Remember how I ranted a couple weeks ago about how I thought I was losing money by working?
I now have an actual number. After a great deal of lying to myself about just how much less I could actually spend if I would only apply myself careful consideration, I have determined that I am losing roughly $511 a month by working.
Give or take $500.
It’s no wonder I’m suddenly on a rampage about simplifying and blah blah blah. Our lives took an exponential curve on the Complication-o-Meter when I went back to work. And while I didn’t have a line-by-line accounting for it, I knew that the bottom line wasn’t looking good.
Still, I was a bit surprised when I took my income, and all the stuff that would change without it (like train tickets, daycare, and so forth), subtracted the former from the latter and came up negative. It was almost $1,200 negative at first. I had to do a lot of “naaaaaaw, this one doesn’t count!” and “well, but I’m sure I wouldn’t change that particular thing THAT much!” before I wrestled it down to a mere <$511>.
I had hoped there would be more in the ‘fluff’ department than there is. I had hoped for, I don’t know, “we spent $6,028 on eating out!” or “did we really spend $650 on pillows?”
But it just wasn’t there. There was a slightly higher grocery bill, $570 a month compared to a norm of around $500, and a lot more pizza nights…but the number one offender is the one thing I can’t really get around while working: daycare.
The daycare is eating up 65% of my gross salary. Gross, not net. Throw in 28% going to taxes, and I’m left with 7%. Buy a couple trains tickets and a tank of gas, and I’m flat broke. And just to make sure I felt fully sick to my stomach, I got a rate increase notice last week. Instead of going down by almost $200 a week in August, it’ll be going down by a total of $67.

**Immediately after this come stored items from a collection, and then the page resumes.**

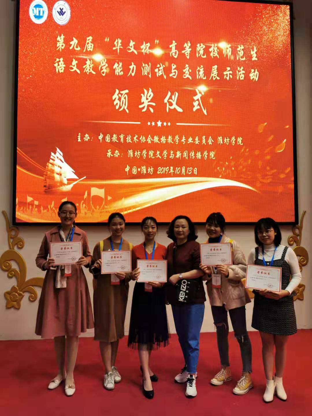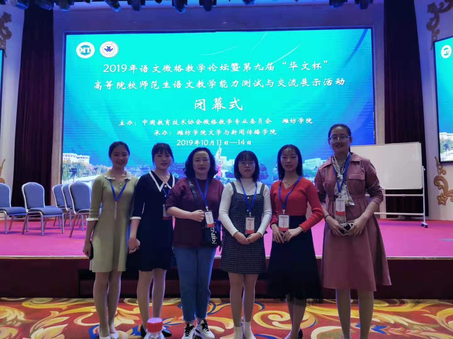 本网讯(文、图/吴峰妤)10月12日至14日,2019年语文微格教学论坛暨第九届“华文杯”高等院校师范生语文教学能力测试与交流展示活动在山东潍坊学院举行。本届测试活动吸引了来自全国近百所高校的498名学生参加。我校教育科学学院选派了5名小学教育专业学生参赛。
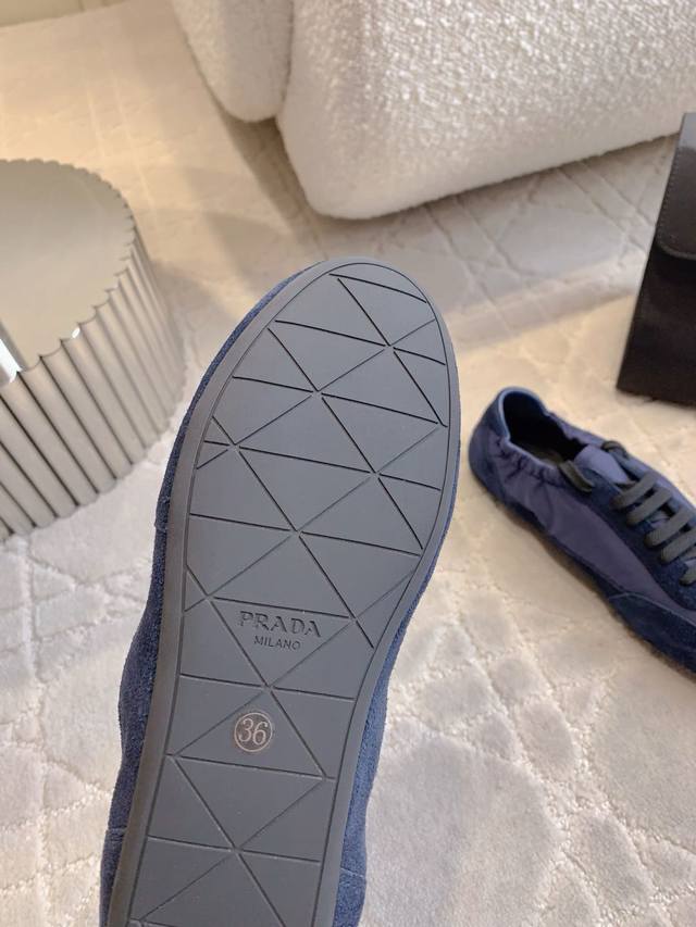 / 出厂价Prad*新款懒人鞋德训鞋休闲鞋 配色非常高级 上脚太好看啦 闭眼入 各种穿搭都能驾驭 百搭又舒适鞋面原版布面拼接牛反绒 内里垫脚羊皮 原版开模大底 尺码
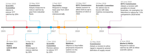 The issues arising from this “time-gap” were evident in the yellowfin tuna reduction measures adopted by the commission to mitigate the overfishing of the stock. In 2016, the IOTC members decided to take measures to reduce yellowfin tuna catches based on the scientific committee’s advice (based on 2014 data, as shown in Figure 1). One of the measures under Resolution 16/01 adopted in 2016 was for the purse seine flag states, with an over 5000 MT catch of yellowfin tuna to reduce their catches by 15% compared to the 2014 levels (IOTC, 2015). However, almost a year later in 2017, Seychelles submitted a letter stating that its fishing industry would collapse if the measure was to be implemented and requested to change their base year from 2014 to 2015 [39]. This was due to the fact that in 2014 the Seychelles purse seine fleet had fished 25,065 MT of yellowfin tuna, and in 2015 without a measure in place it had already fished 40,907 MT of yellowfin tuna. If Seychelles were to reduce its yellowfin tuna catch according to the measure, they would have to reduce it to 21,387 MT (15% reduction in the of 25,065 MT of yellowfin tuna caught in 2014), which is around 47% compared to the 2015 levels. The commission in 2017 agreed to take onboard Seychelles’ concerns and revised the measure (IOTC Resolution 17/01). A similar trend was observed in the 2019 commission meeting. Additionally, Mauritius had developed its purse seine fishery beyond the allowable threshold as per the measure (increased its catches to 7,681 MT in 2017); the commission allowed Mauritius to reduce their purse seine catches from the 2018 levels, even though they did not submit their data for the 2018 levels at that time [23].

That hurt. That hurt a lot. I know all about rising costs blah blah blah, but can I just point out that your parents are not likely to have gotten a 20% pay raise lately? Which is the amount that Center #1 just raised its rates? And as I went past the office at Center #2 today, I overheard the director and her assistant discussing the ‘coming rate increases’.
(Jesus-Mary-an’-Joseph, for you non-fallen-away-Catholic-types.) (But you hafta say it like this: JAY-sus, Mah-ree and Joe-siff.)
I’m not sure yet what I’m going to do. I’m really not. From a cold hard numbers perspective, it just isn’t working and I should bow out ASAP.
I can’t even claim that I love my job and can’t imagine life without it. I half love it, and half hate it. Which works out to an overall ‘eh’. Given that one of the joys is getting the paycheck…and the paycheck is promptly slashed to ribbons before I even get it into the bank…
I won’t be able to put anything into the 401k; I’m not due a raise for a long, long time (and even when it comes around, it won’t be for much); the $300 bill for fall registration fees is coming up soon…ick.
Well, I have a couple things I can explore. There is some fluff in there; and given that I’ve gone to a 75% telecommute schedule, everything from the commute to dress socks should cost me less. And I’ve contemplated bringing Eldest and Danger Mouse home from daycare – they’re only there a few hours in the afternoon as it is, I don’t see why they couldn’t just come home after school. They’re old enough not to need constant supervision; or at least to understand the phrase, “If you don’t stop pestering me while I’m trying to finish this, I will end you…”
Still. Feh. And, thanks to the @*^@&ing diet, there is no chocolate currently in this house. Except the cocoa powder. Which I suppose I could work into a batch of brownies or something, which means I’ll have dirty dishes to clean up…argh, will the torment never end?!?!